Synthesis and cytotoxicity of 4′-C- and 5′-C-substituted toyocamycins
Gunic, Esmir,Girardet, Jean-Luc,Pietrzkowski, Zbigniew,Esler, Cathey,Wang, Guangyi
, p. 163 - 170 (2007/10/03)
Toyocamycin and some analogues have shown potent antitumor activities; however, none of them could be used clinically primarily owing to their cytotoxicity to normal human cells. In order to overcome the weakness of these nucleoside analogues, substitution of a variety of modified sugars for the ribofuranose was explored in our laboratories with expectation that certain sugar-modified toyocamycin analogues may be selectively cytotoxic to cancer cells. In this article, we report synthesis and cytotoxicity of 4′-C- and 5′-C-substituted toyocamycins, which were prepared via the condensations of 4-C- and 5-C-substituted ribofuranose derivatives 11, 12, 13, 20, 21, and 26 with the silylated form of 4-amino-6-bromo-5-cyanopyrrolo[2,3-d]pyrimidine (27) and subsequent debromination and debenzoylation.

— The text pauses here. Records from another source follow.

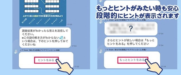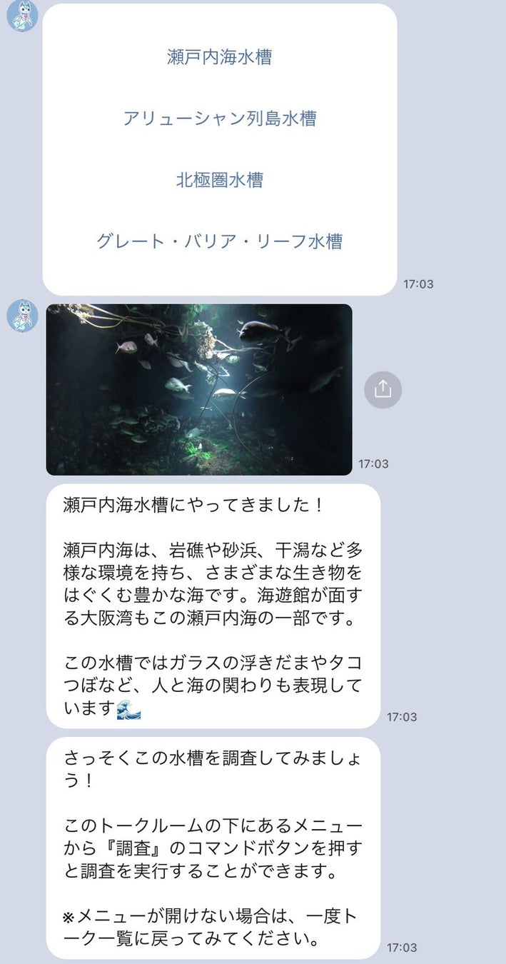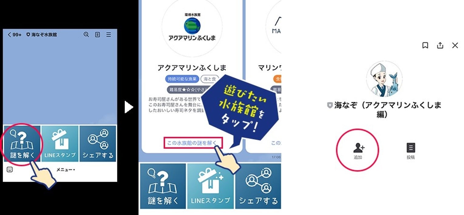 ▼「海なぞ水族館」のLINE公式アカウントから遊びたい水族館を選ぶと、専用のゲームアカウントで謎解きをプレイすることがきます。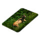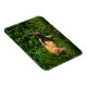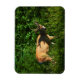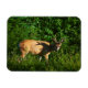 Ett foto av en ung buck, med sammetsborrar, i vissa grönt löv buskar. Copyright ©2017 Kimberly J Tilley.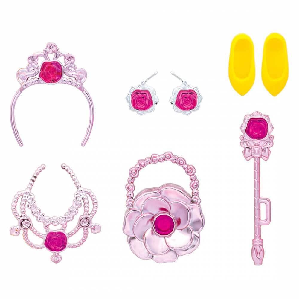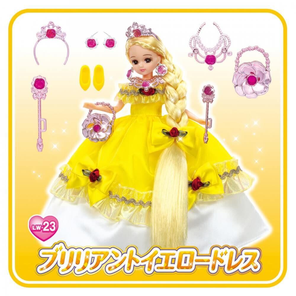 リカちゃんの黄色のプリンセスドレスです。ピンクメッキのアクセサリー付き。華やかなきらめきイエローのドレスセットです。キラキラのスカートは大きく広がり、リボンとローズのワンポイントがついています。ラインストーン付きのローズアクセサリー付きです。<セット内容>ドレス(1),ヘアーリボン(1),ローズイヤリング(1),ローズティアラ(1),ローズネックレス(1),フラワーバッグ(1),ローズステッキ(1),クツ(1)※人形は別売りです。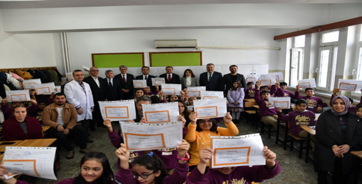 Öğrencilere iyi tatiller dileklerinde bulunan Vali Şıldak, hediyelerini de unutmadı.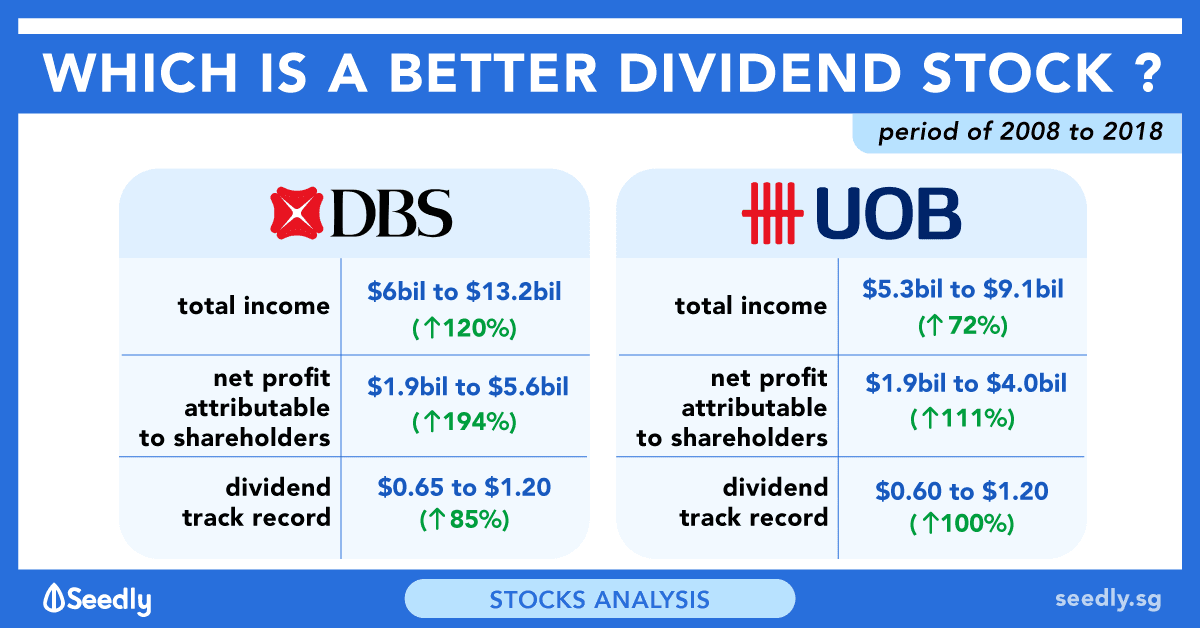 And now for UOB, it has grown its dividend per share from S$0.60 in 2008 to S$1.20 in 2018. In other words, its dividend was up by 100% during the period.

When compared to the parent toyocamycin, all these analogues showed much lower cytotoxicity to human prostate cancer cells (HTB-81), mouse melanoma cancer cells (B16) as well as normal human fibroblasts. Compound 1e showed a significant cytotoxicity to the prostate cancer cells and a moderate selectivity. The results suggested that sugar modifications, especially those that may affect phosphorylation of nucleosides, could alter cytotoxicity profile significantly.